Saturday, June 15, 2013

That's Life

Emboldened by a sense of life very much his own, they said that he set out to be nothing, nothing at all (a strenuous task if you will). He lived beyond days, weeks and months, and years were not of his concern. Some folks, always ready for those sightings, began to see him in a different light; maybe he was truly not of this world. But others, the jugglers and  jesters in town, said things with a smile and even asked for something of his body, just for the living room they said, or perhaps bedroom. All that and more, the daily fun and games never missing.

Then one day he got up feeling he had arrived, or so he said, because he spoke on the sidelines of tenses. The truth is that he moved like no one on the streets, and people noticed. Free at last. He was now nothing, nothing at all of this world.

When careless, in his euphoria (or who knows), stepping off the sidewalk, he got on the wrong trip with a delivery truck, dragged for what seemed an eternity. A horrid death.

That’s life, now people say. The worst they could say in his memory. But, then,
 by saying so they are confirming the validity of his escape –or quest.   



Monday, May 6, 2013



The guy came out of nowhere, as if lacking a true face, or so it seemed, with a certain whiteness of hands and gestures. Tight-lipped, he looked like the type reluctant to speak the words, the expected words, like those children who refuse to smile at the photographer's lens. But something about him, I don’t know, he couldn’t fool me (there, underneath, deep down, the scream was there). In his eyes, you could tell the intention, someone who kept some secret, the secret of the other who looks at him (his eyes in the mirror like those eyes in a painting that follow you). I wanted, what’s more, I would . . . But then, at that moment I heard my name. Back outside the bathroom, the crowd, the music; someone had crack-opened the door, Janet was calling me.

He disappeared from the mirror.


Saturday, March 2, 2013

The dream (or movie)

The dream about a film, or the film about a dream, I can’t hardly tell anymore (as always happens, like a child grabbing on to the rest arms, trying to prolong the movie’s last gleams, before being splashed with light in the Lyceum, snapped out of the Sunday matinee and back to the alcoholic father stumbling home later tonight).

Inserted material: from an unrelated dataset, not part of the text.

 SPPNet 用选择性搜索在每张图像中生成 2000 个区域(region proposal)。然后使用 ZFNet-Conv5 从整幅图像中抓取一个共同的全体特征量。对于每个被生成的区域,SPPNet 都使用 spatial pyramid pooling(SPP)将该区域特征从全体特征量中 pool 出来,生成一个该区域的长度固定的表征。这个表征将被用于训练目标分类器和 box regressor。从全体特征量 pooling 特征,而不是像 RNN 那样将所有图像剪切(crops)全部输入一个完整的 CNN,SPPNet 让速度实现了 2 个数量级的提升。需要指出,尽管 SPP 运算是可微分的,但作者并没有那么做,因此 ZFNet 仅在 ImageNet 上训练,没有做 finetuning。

What remains with me is the end, something of a young lady whose incongruent face I can’t tell anymore if smiling, but nothing ironic, appears at the end talking about the characters, in what seems like a French New Wave film from the early 60s. In that last coda of a scene, the camera cuts to her boyfriend (I don’t remember the other characters) now sitting next to her, and the actor says that when he turns 60 he’ll start worrying about his final act, but for now life is rolling. At that point the young lady turns and looks at me, to the camera, and her face freezes on the screen. With that freeze-frame the movie ends. But it turns out they were all dead, all the actors, even she (the movie being so old).

I don’t remember if they knew it, that the movie would eventually come to a freeze, and hence the incongruity of the young lady who looking into the film from an outside perspective, she too was playing her role; as if actors could not escape, talking, smiling, dancing, kissing, making love scenes, as if those in that movie would always be walking the Paris postcard streets. And yet there was something about her face, about her eyes when she looked straight at the camera, something that stays with me to this day, as if deep down she knew (about the freeze frame).

Wednesday, February 6, 2013


Me preguntaban si conocía a aquella mujer no tan joven. Su mirada insistente, como si dependiera de mi reconocimiento para salvarse, para tener vida en este mundo.

Había en ella, en sus ojos, luces de recuerdos ya inexistentes; me miraba como si penetrara esta vestimenta de tiempo, como si penetrara mis luces más sombrías por dentro. Engatusamientos, supuse, embelecos de mujer que no parpadea.

No obstante, hubiera querido decir que sí. Pero me arriesgaba. Al fin he dicho que no, y fue el gran pesar: sus ojos se humedecieron, reflejaban la mayor tristeza, la más pura desesperanza. Y desapareció en el hueco oscuro de la noche. Quise pero no alcancé siquiera a consolarla.    

Luego he sabido era mi hermana, según Mamá me ha confesado (aquel aborto  tardío y bochornoso).



 They asked if I knew the woman, not so young; something about her face, what exactly, I couldn’t tell. Her insistent eyes, as if she depended on my recognition to save herself, to have a life in this world.

Again, there was something in her, in her eyes, like glimmers of memories not unfamiliar; she looked at me as if piercing this new look of the times, these smart clothes, as if penetrating into my darker lights inside. Crafty lady, I told myself, deceits of a woman who doesn’t blink.

Even so, I wanted to say yes. But I was taking a risk, too much of a risk. I finally said no, and it was the greatest sorrow: her eyes filled with tears, reflecting the greatest sadness, pure hopelessness.  I wanted to comfort her, but it was too late. She disappeared into the dark hole of the night, as a reflection in a mirror.

Later I’ve known the truth. She was my sister, according to Mom’s confession (that late and shameful abortion).